11th President of the Colony of Rhode Island and Providence Plantations
- In office 1660–1662
- Preceded by: Benedict Arnold
- Succeeded by: Benedict Arnold

2nd Governor of the Colony of Rhode Island and Providence Plantations
- In office 1666–1669
- Preceded by: Benedict Arnold
- Succeeded by: Benedict Arnold

1st Deputy Governor of the Colony of Rhode Island and Providence Plantations
- In office 1663–1666
- Governor: Benedict Arnold
- Preceded by: position created
- Succeeded by: Nicholas Easton

Personal details
- Born: c. 1610
- Died: autumn, 1674 Newport, Rhode Island
- Spouse(s): (1) Dorothy ________ (2) Mary Burton
- Children: Barnabas, Martha, Mary, Elizabeth, Sarah, Mehitable, Jahleel, William, Abigail, Ebenezer
- Occupation: Builder, selectman, assistant, president, commissioner, deputy governor, governor

= William Brenton =

Rhode Island colonial governor

William Brenton (c. 1610–1674) was a colonial English statesman who served as colonial President, Deputy Governor, and Governor of the Colony of Rhode Island and Providence Plantations, and an early settler of Portsmouth and Newport in the Rhode Island colony. Believed to be from Hammersmith, Middlesex, England, he emigrated to the British Colonies in North America by 1633, and rose to minor prominence in the Massachusetts Bay Colony before relocating to a new settlement to the south that became today's Rhode Island.

== Origin==
Austin and other historians give his place of origin as Hammersmith in Middlesex, England (now a part of London), but in reviewing the evidence, Anderson concludes that his place of origin is unknown. Brenton named one of his Newport properties "Hammersmith," and this has led some writers to assume that the like-named town since absorbed into London was his place of origin.

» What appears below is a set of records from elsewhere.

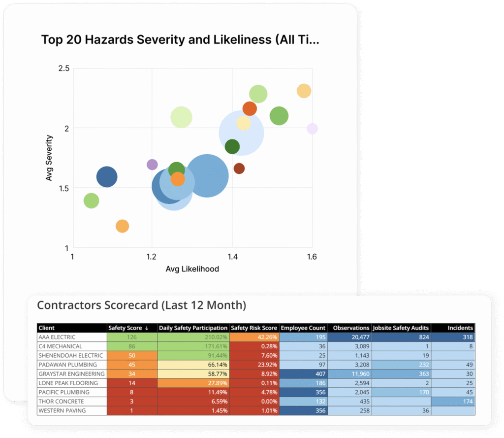 Monitor safety participation for every contractor and spot who is at risk for incidents before they happen.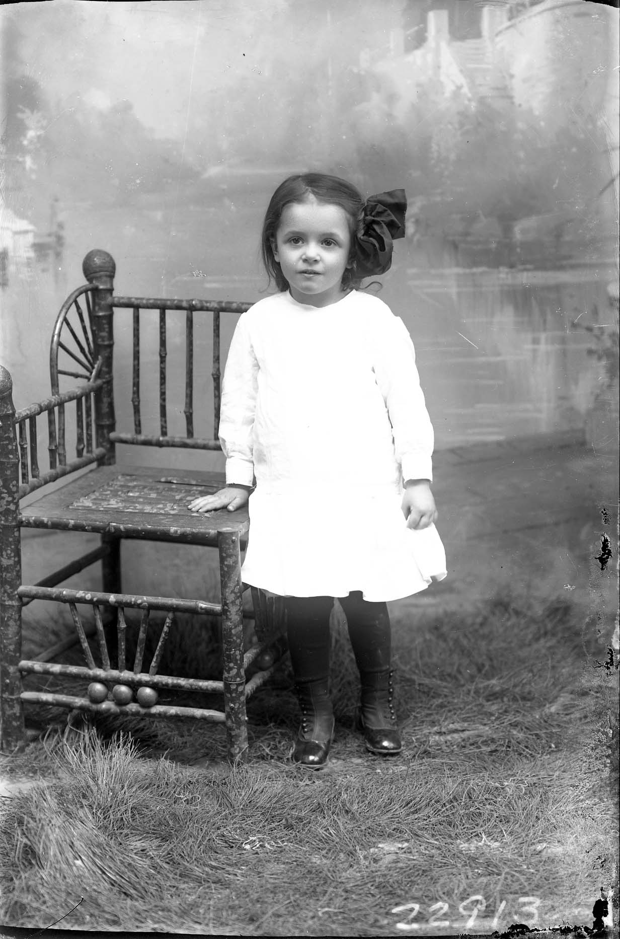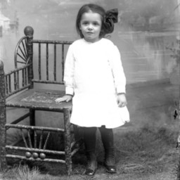 Unidentified girl with a bow in her hair is standing by a chair.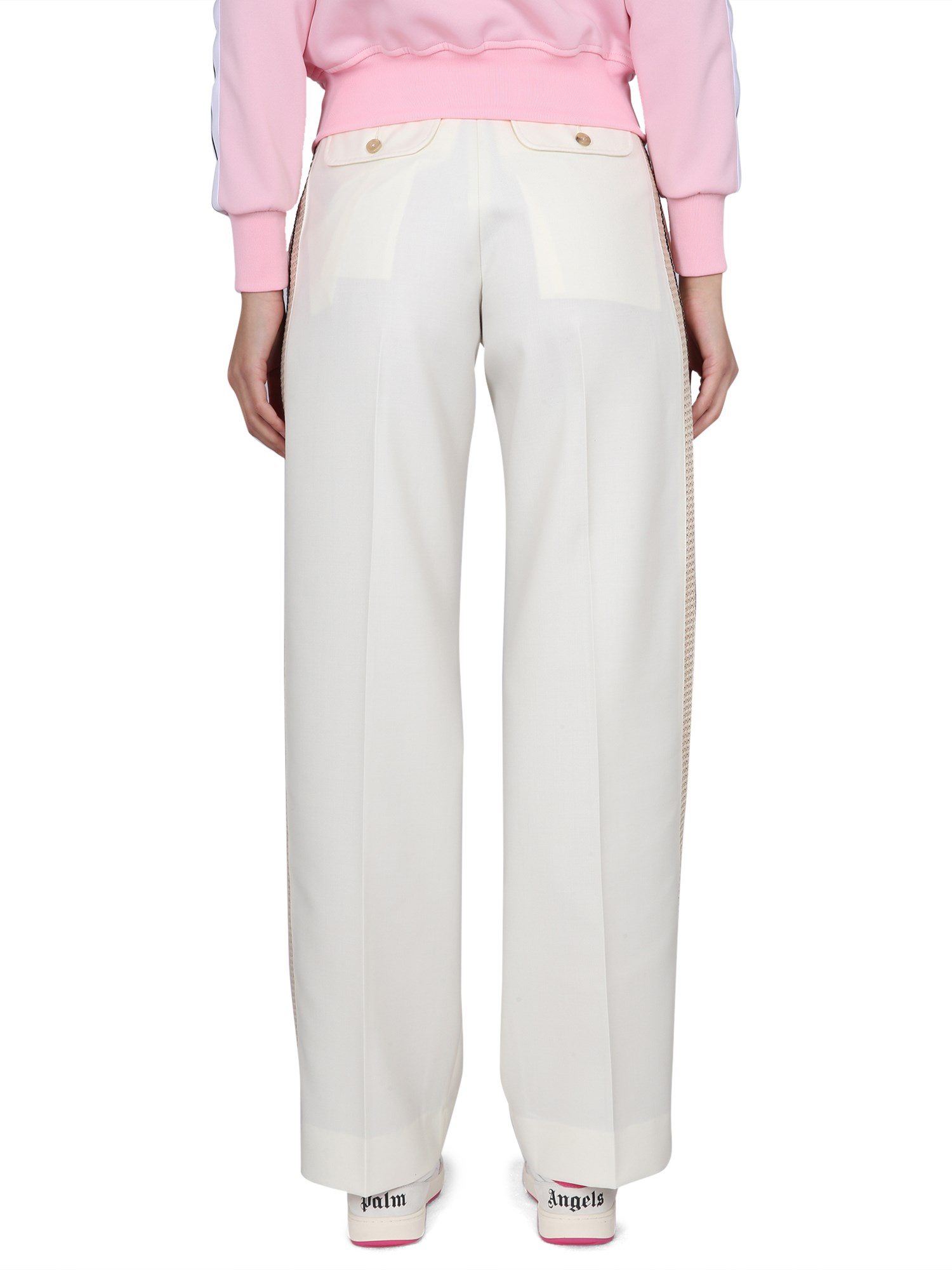 These casual pants from Palm Angels made from 100% virgin wool that is soft and breathable. They have a button-closure at the waist, two side pockets, two back pockets, and a side band that has a nice texture. The pants are lined with a soft polyester fabric and are made from virgin wool, which is a durable and warm material that is known for its soft and luxurious feel.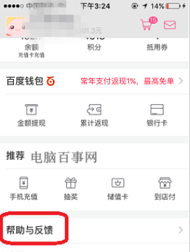 1、打开百度糯米,点击右下角“我的”,选择“帮助与反馈”,如图: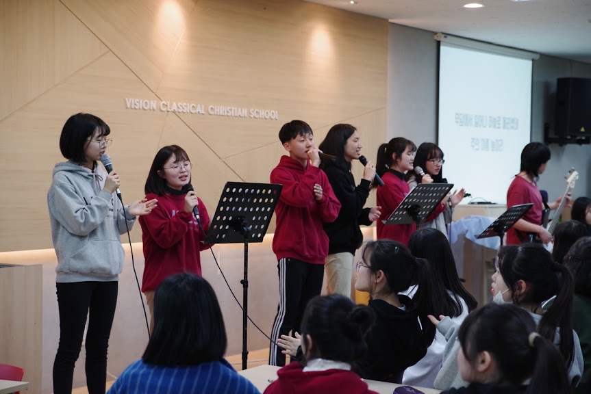 작년까지는 한 학기에 한 번씩 전교생이 다 함께 모여 남서울비전교회에서 연합예배를 드렸었다. 그러나 올해부터는 두 학년씩 묶어서 연합예배를 드리는 방식으로 바뀌었다. 그리고 2019년 첫 연합예배가 4월 8일부터 11일까지 진행되었다. 그중, 9,10학년 연합예배는 4월 9일이었다. 예배 순서는 6시부터 7시까지 반별 시간을 갖고, 7시부터 8시까지는 9,10학년 모두가 청어람에 모여 함께 예배를 드리고, 8시부터 9시까지는 학년을 섞어서 함께 시간을 보냈다. 찬양은 9,10학년 예배인도자 학생들이 주축이 되어 이끌어주었고, 말씀은 여행 선생님이 ‘왜 염려하느냐?’라는 주제로 전해주셨다. 그리고 반별 시간과 9,10학년 함께하는 시간은 각 반 섬김이들이 모여서 회의한 후 프로그램을 진행했다.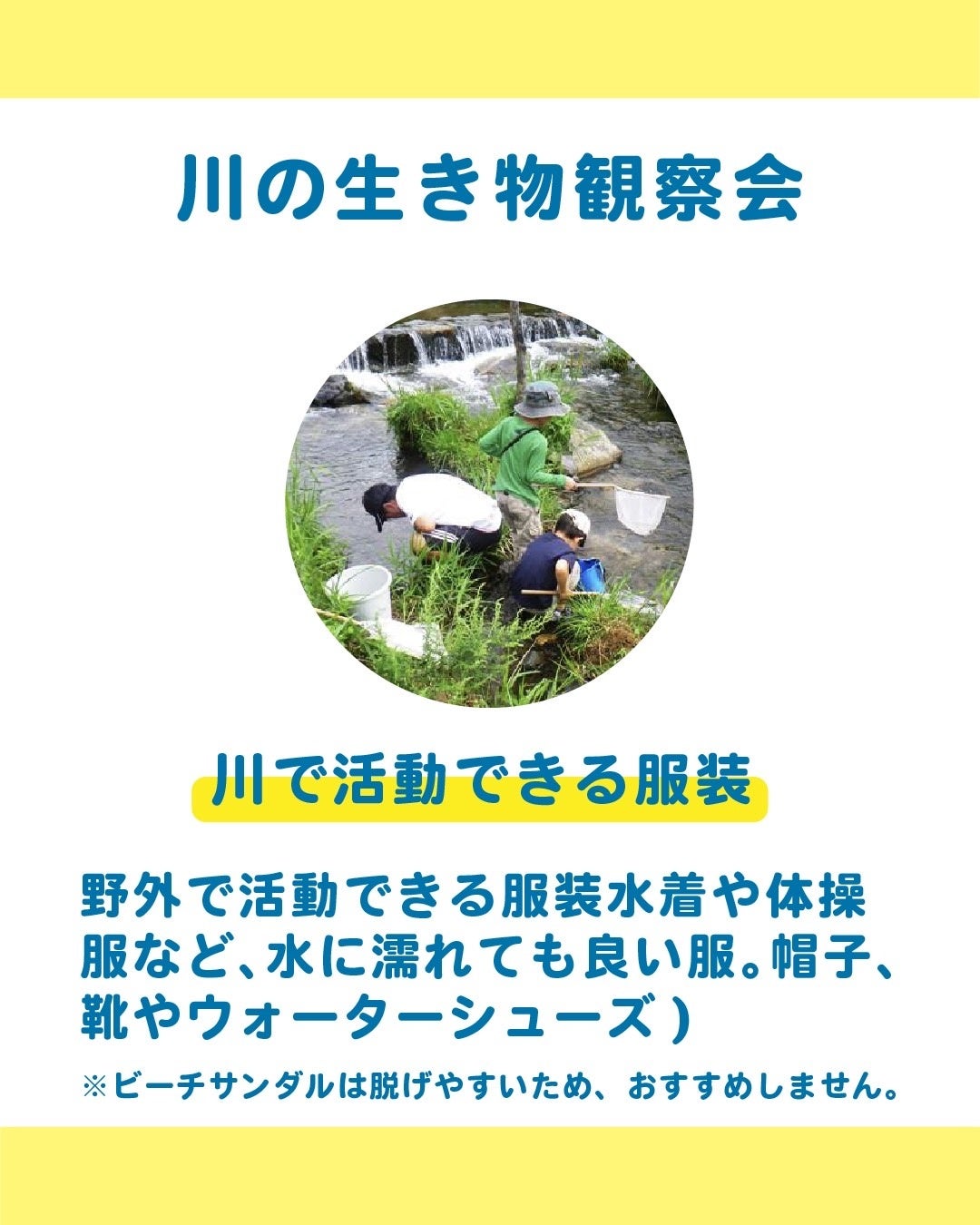 ・ 川の生き物観察会:①10:30〜12:00 ②13:30〜15:00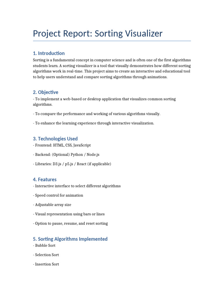 A Project Report Sorting Visualizer | Download Free PDF | Information ...
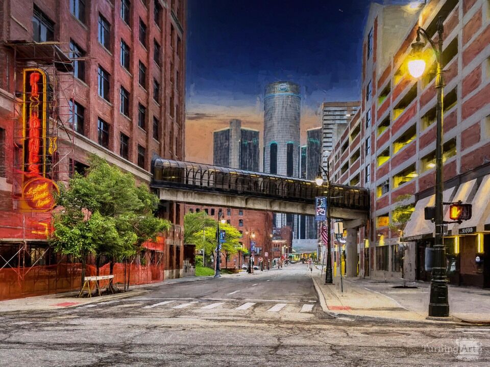 This captivating piece beautifully illustrates the layers of Detroit's urban landscape. From the eye-catching signage of the famous Fishbones restaurant to the intricate elevated walkway of the People Mover, the view draws your eye towards the city's modern heart, the Renaissance Center. A dynamic and textural composition that brings the essence of Detroit's architectural and street life into your space.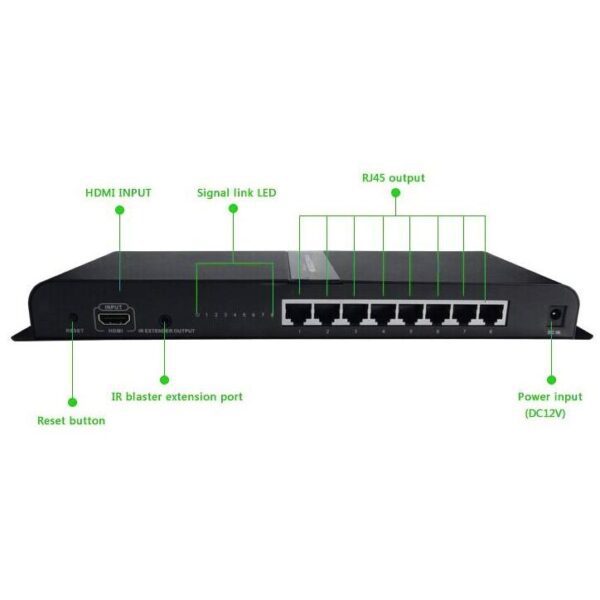 IDATA EXTIP-318V4 è uno splitter HDMI che applica la tecnologia HDbitT per distribuire una sorgente HDMI a 8 display HDMI su cavo CAT6/6a/7 a ricevitori compatibili nello stesso momento (kit costituito da una base/trasmettitore e un ricevitore aggiuntivo). Supporta la trasmissione a distanza fino a 120 metri e la risoluzione massima di 1080P.
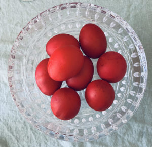 At some point around the meal, we all grab a hard-boiled red-dyed egg and tap them together one at a time. Whomever ends with an uncracked egg, receives good fortune for the following year.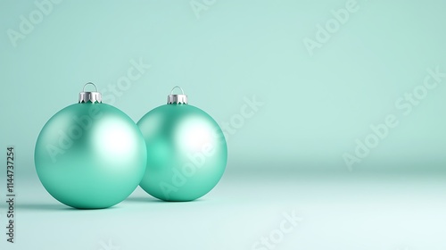 Two Mint Green Christmas Ornaments on Pale Aqua Background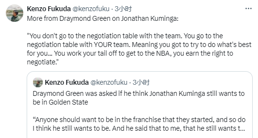 关于库明加,追梦还补充道:“球员谈判时,对象不是球队,而是你自己的团队。也就是说,你得努力为自己争取最优选择。你拼尽全力进入NBA,就理应拥有谈判的权利。”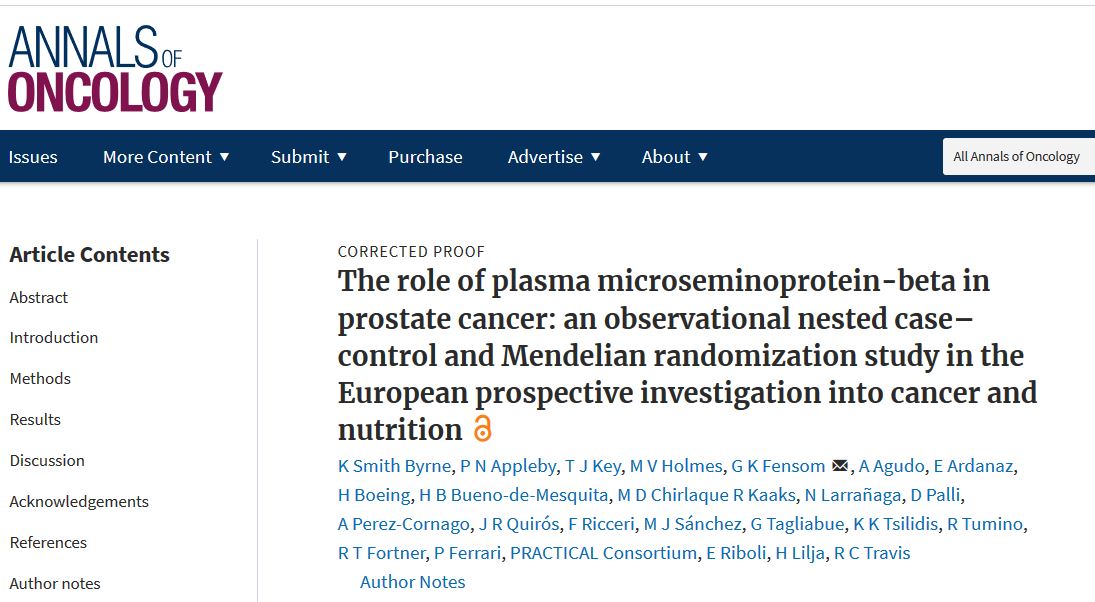 Plasma MSP concentrations were inversely associated with prostate cancer risk after adjusting for total prostate-specific antigen concentration [odds ratio (OR) highest versus lowest fourth of MSP = 0.65, 95% confidence interval (CI) 0.51–0.84, Ptrend = 0.001]. No heterogeneity in this association was observed by tumour stage or histological grade. Plasma MSP concentrations were 66% lower in rs10993994 TT compared with CC homozygotes (per allele difference in MSP: 6.09 ng/ml, 95% CI 5.56–6.61, r2=0.42). MR analyses supported a potentially causal protective association of MSP with prostate cancer risk (OR per 1 ng/ml increase in MSP for MR: 0.96, 95% CI 0.95–0.97 versus EPIC observational: 0.98, 95% CI 0.97–0.99). Limitations include lack of complete tumour subtype information and more complete information on the biological function of MSP.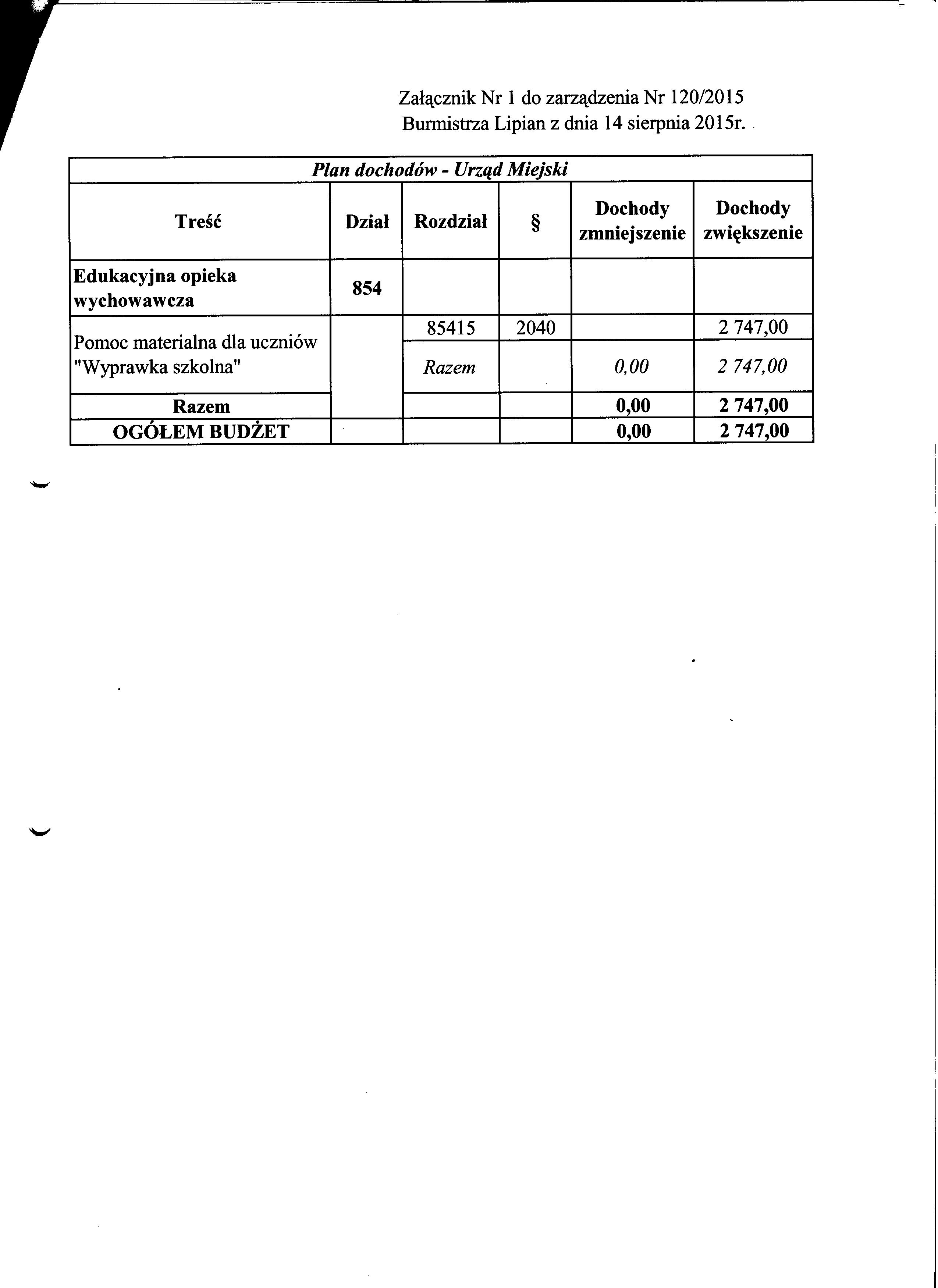 Zarządzenie Nr 120/2015 Burmistrza Lipian z dnia 14 sierpnia 2015 r. w sprawie zmian budżetu i w budżecie Gminy Lipiany na rok 2015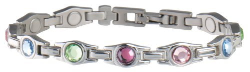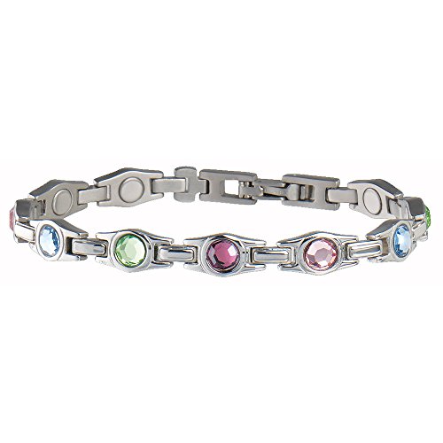 Cubic zirconia gems in four colors set in a polished stainless steel bracelet that is perfect for dress or casual wear. This bracelet will be a favorite because it is so versatile! A 1200 gauss magnet is in each link.Feature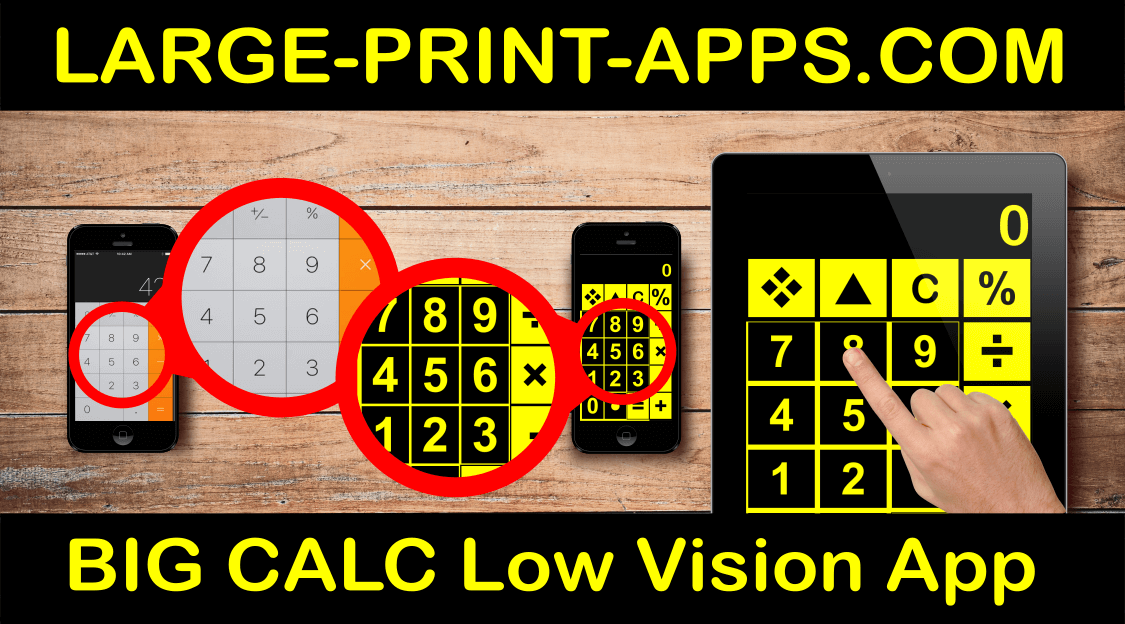 This large, yet portable, low vision 8 digit calculator measures 6 inches by 8 inches and has nice large 5/8 inch square buttons. digits on the display measure 5/8 inch high. display can angle up or down for best positioning. operates on solar power only. product videos. What low vision devices, if any, would you prescribe? calculate new denominator for a large optotype, e. low vision aids calculation g. “20/200” is really “14/140”. Low vision rehabilitation gives you the tools in order to ❖choose power equal to evp calculated. demonstrate low vision aids….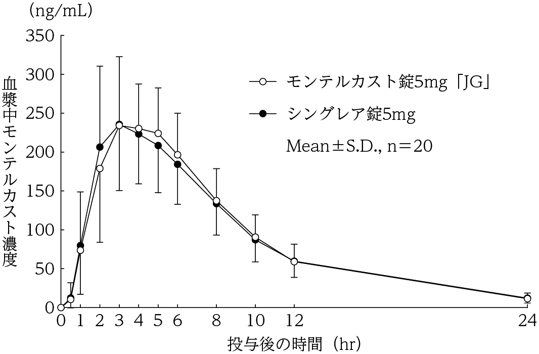 モンテルカスト錠5mg「JG」とシングレア錠5mgを、クロスオーバー法によりそれぞれ1錠(モンテルカストとして5mg)健康成人男性に絶食単回経口投与して血漿中未変化体濃度を測定し、得られた薬物動態パラメータ(AUC、Cmax)について90%信頼区間法にて統計解析を行った結果、log(0.80)~log(1.25)の範囲内であり、両剤の生物学的同等性が確認された4) 。

==Boston, Portsmouth and Newport==
Brenton was in Boston by October 1633 when he was admitted to the church there, was made a freeman in May 1634, and later the same year was appointed to oversee the building of a jail house. He was a Boston selectman from 1634 to 1637, and in 1635, was appointed to a committee to consider the incident when Massachusetts magistrate John Endecott defaced the English flag, and to report to the court to what extent Endecott would be censured.

Brenton was a Deputy in Boston from 1635 to 1637, but following the settlement of Portsmouth on Aquidneck Island (called Rhode Island) by the followers of Anne Hutchinson, he became a resident there, and in late August 1638 was directed to oversee work on the prison. It appears that Brenton was not a follower of Hutchinson, or of her brother-in-law John Wheelwright, as he was not disarmed, and he also returned to live in Boston at a later time. In April 1639, he was one of nine men who signed an agreement to settle Newport, and appears to have changed residence, being present at a general meeting there a year later. However, by 1643 his residence was once again given as Portsmouth. From 1640 to 1647, while William Coddington was the governor of the two Aquidneck Island towns of Portsmouth and Newport, Brenton was the deputy governor. In February 1649, Brenton was again living in Boston, when he was given liberty to "set up a porch afore his house" there.

==Terms as president and governor==
From 1652 to 1657, Brenton was once again a selectman, and in 1655, became a freeman of Newport. In 1660, he succeeded Benedict Arnold as President of all four towns of the Rhode Island colony, serving for two one-year terms, and also serving as a commissioner during this period. One issue facing this administration was the land speculation of Humphrey Atherton in the Narragansett country (later to become Washington County, Rhode Island). A committee was appointed to deal with Atherton and his company about his land purchase, and arrange terms upon which Atherton might enter the colony. If the Atherton company refused to confer, then they would be forbidden from entering their lands. The committee reported only partial progress on this issue, and would continue at a later session.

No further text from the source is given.